- Directed by: Neil Jones
- Written by: Neil Jones
- Starring: Sebastian Street Rez Kempton Jeff Rudom Sophie Lovell Anderson
- Cinematography: Richard J Wood
- Music by: Christopher Barnett
- Distributed by: Left Films
- Release date: October 31, 2010 (UK);
- Running time: 81 min
- Country: United Kingdom
- Language: English
- Budget: £150,000

= Stag Night of the Dead =

Stag Night of the Dead is a 2010 low budget British comedy horror film, written and directed by Neil "Napoleon" Jones.

==Plot==
In the aftermath of a pandemic infection that has turned large numbers of the population into zombies, a group of men embark on a stag weekend for their friend Dean ahead of his impending wedding.
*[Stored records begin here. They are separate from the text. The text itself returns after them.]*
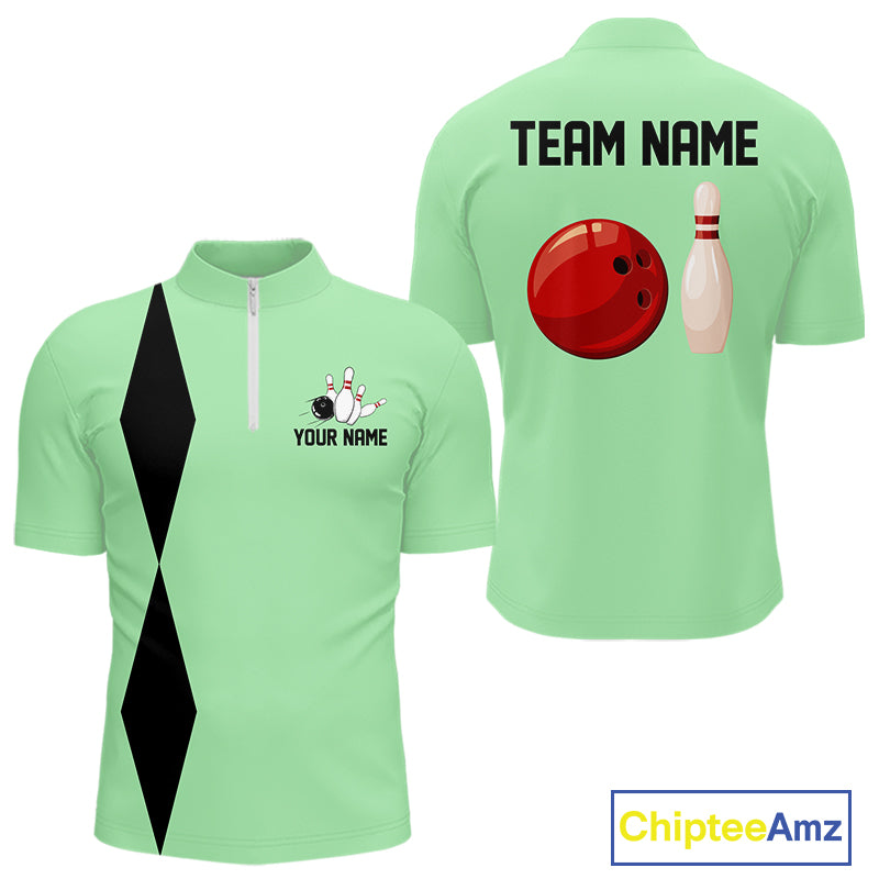 Personalized Retro Bowling Polo, 1/4 Zip Shirt For Men custom vintage bowling team jersey| Mint Green NQS11018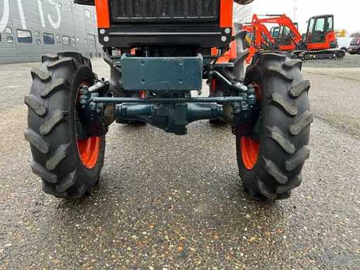 4WD, 6-speed manual, 3-speed PTO, 3-point linkage, 3-cylinder Kubota diesel engine
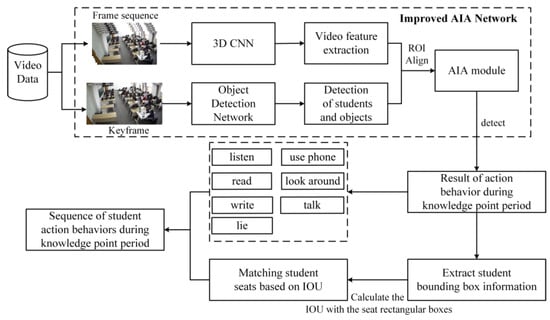 The overall system structure diagram of the student action behavior recognition model proposed in this paper is shown in Figure 1. Firstly, the spatiotemporal features of classroom video are extracted based on the backbone network in the improved AIA network. Secondly, students and objects such as books and mobile phones are detected by using the object detection model applicable to the classroom scenario; then, the spatiotemporal features of the video and the spatial coordinate information of the students are fused to detect the student’s action behaviors. Finally, based on the action behavior recognition results during the teaching time of the knowledge points, the student’s seat number is used as the index to correlate the student’s action behavior sequence during the period.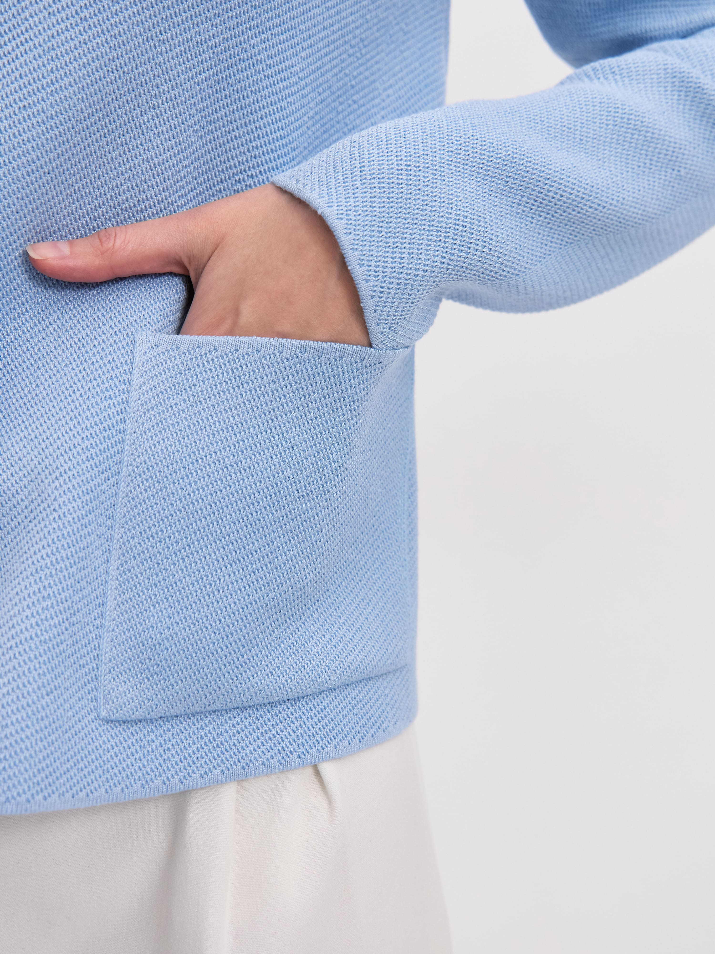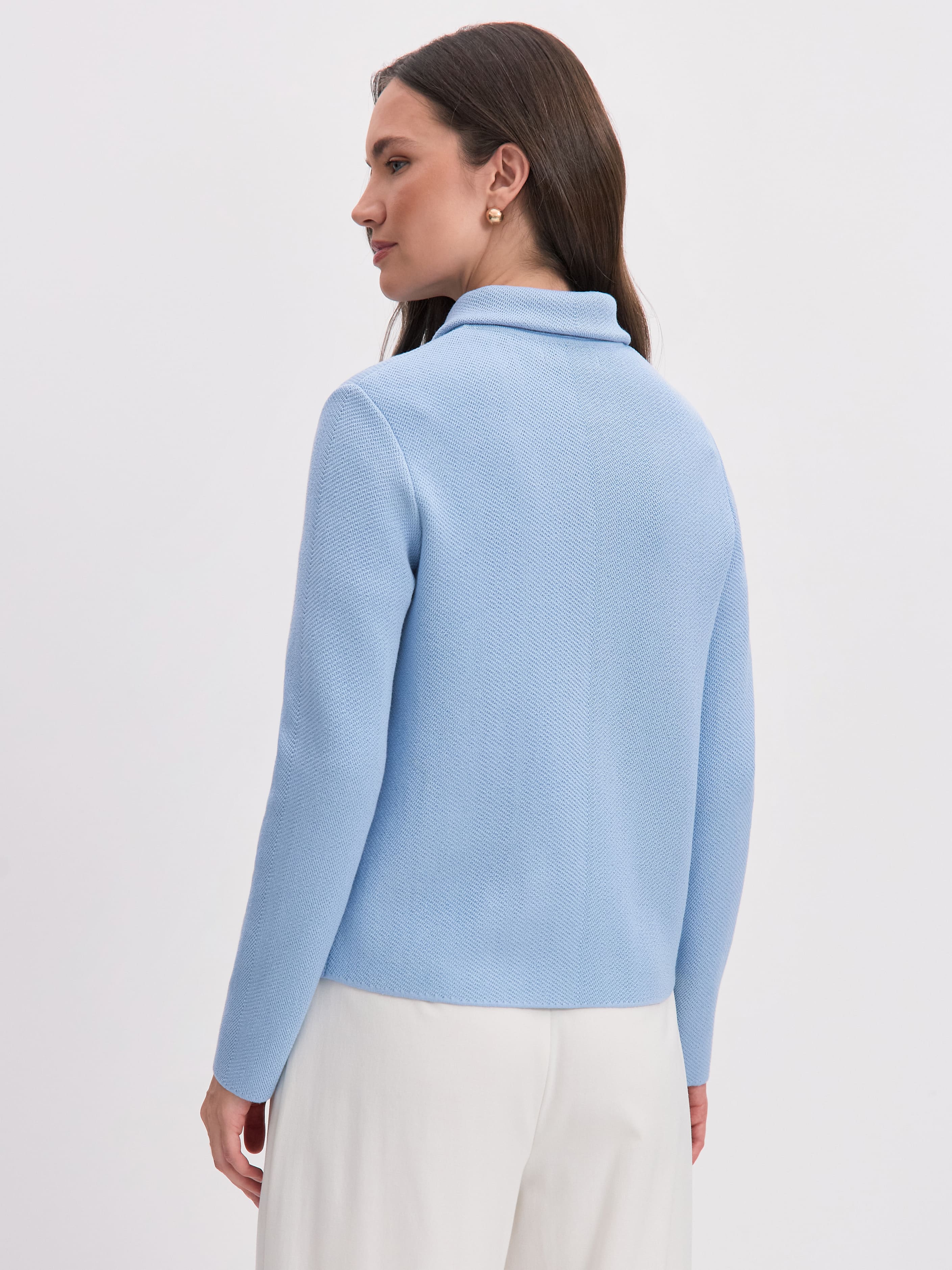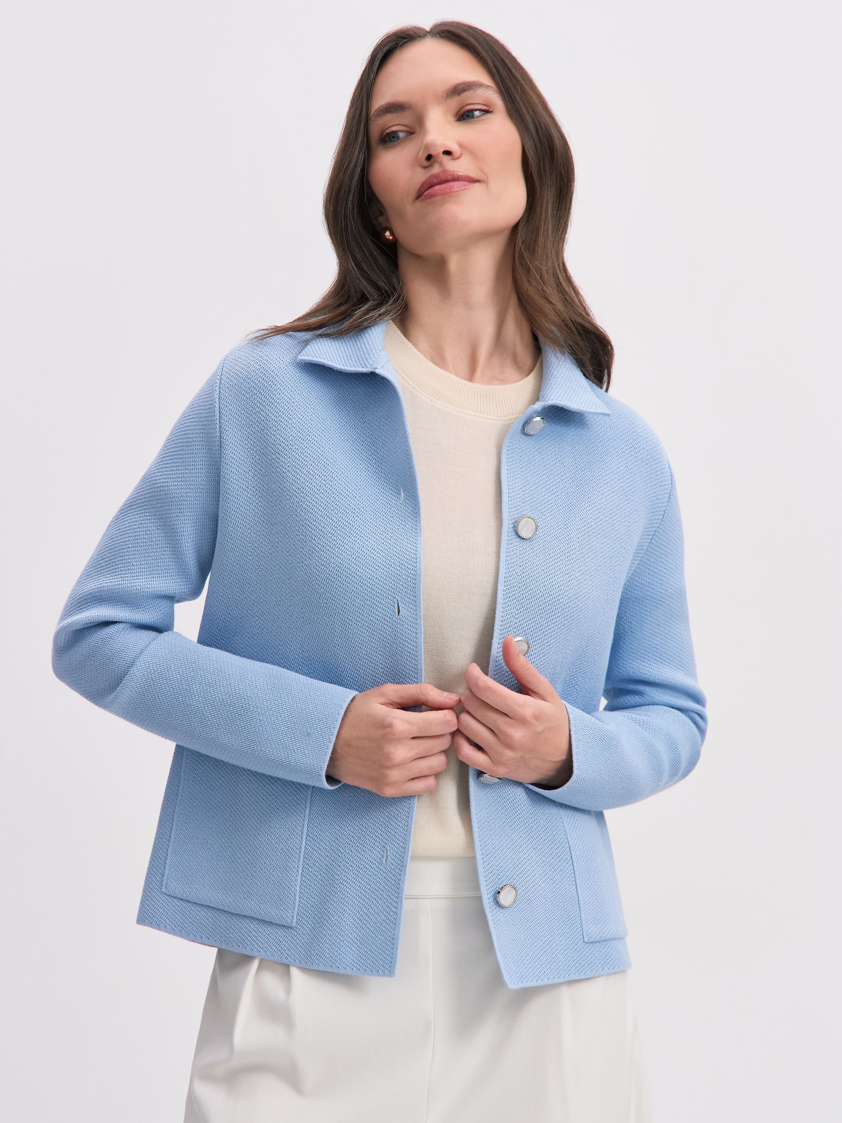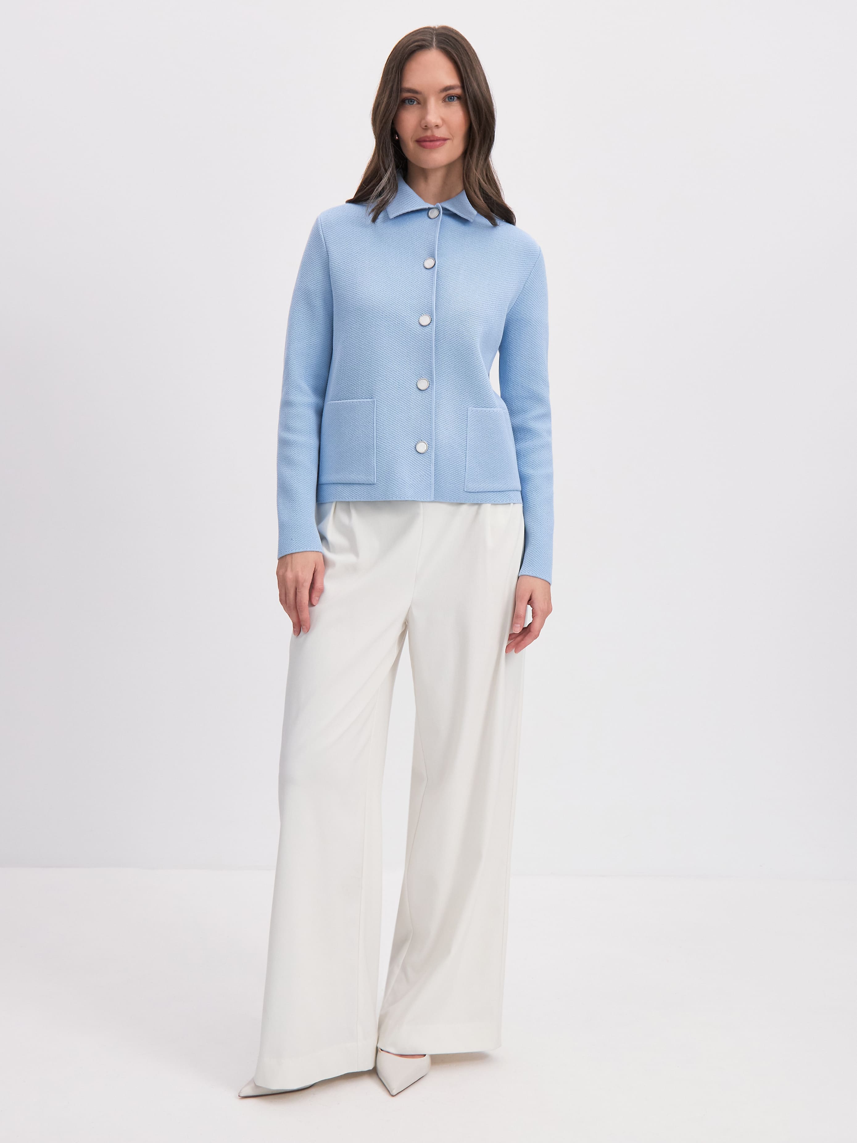 Тот самый жакет из рельефно-фактурного хлопка, который с легкостью пройдет офисный дресс-код. Полотно изделия обладает хорошей формоустойчивостью и приятной тяжестью – отличительной чертой натурального трикотажа. Жакет с полуприлеганием, классической длины. Отделан воротничком, акцентными карманами и рядом роговых пуговиц. Важно! Модель не дублируется подкладом, что делает ее удобной альтернативой строгому пиджаку. Рекомендуемые варианты сочетаний: с мягкими брюками Палаццо; с хлопковыми юбками Моне и Кейт.
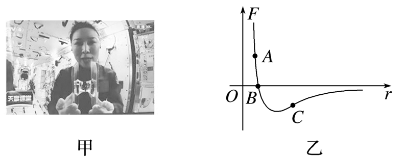“天宫课堂”中,王亚平将分别挤有水球的两块板慢慢靠近,直到两个水球融合在一起,再把两板慢慢拉开,水在两块板间形成了一座“水桥”.如图甲所示,为我们展示了微重力环境下液体表面张力的特性.“水桥”表面与空气接触的薄层叫表面层,已知分子间作用力F和分子间距r的关系如图乙.下列说法正确的是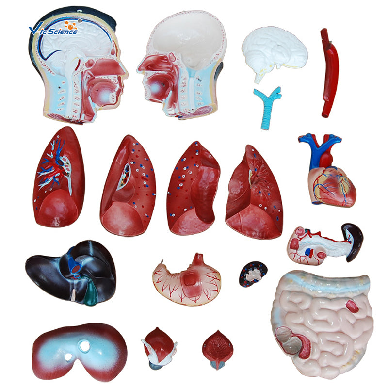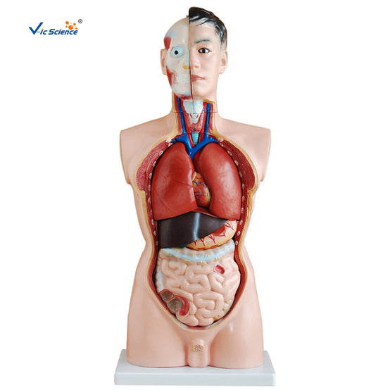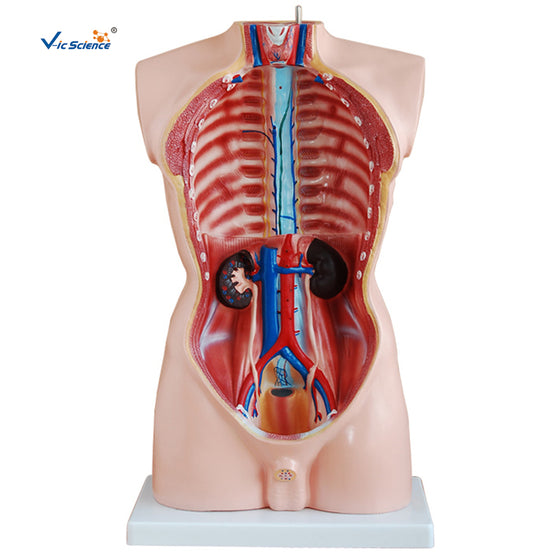 This is a full-size male torso. Hand painted and meticulously assembled to simulate human anatomy. Dissects into 19 parts: torso, head (2 parts), brain, lung (4 parts), heart, trachea, esophagus and descending aorta, diaphragm, stomach, duodenum with pancreas and spleen, intestines, kidney, liver and bladder (2 parts). Mounted on plastic base.

As part of the entertainment, the party travel to an old military base where some of these zombies are being put to use as targets in zomball, a twist on the game of paintball.

==Production==
Filming took place on location at RAF Bentwaters between April and May 2008.

==Release==
The film was released theatrically in the United Kingdom by Left Films in October 2010.

Its home video released came on DVD in the UK in January 2012 with a US release following in May 2012. It had also been available in the US from March 2012 as an exclusive iTunes download.

== Critical reception ==
Stag Night of the Dead won the best feature award at the 2011 Newport International Film Festival.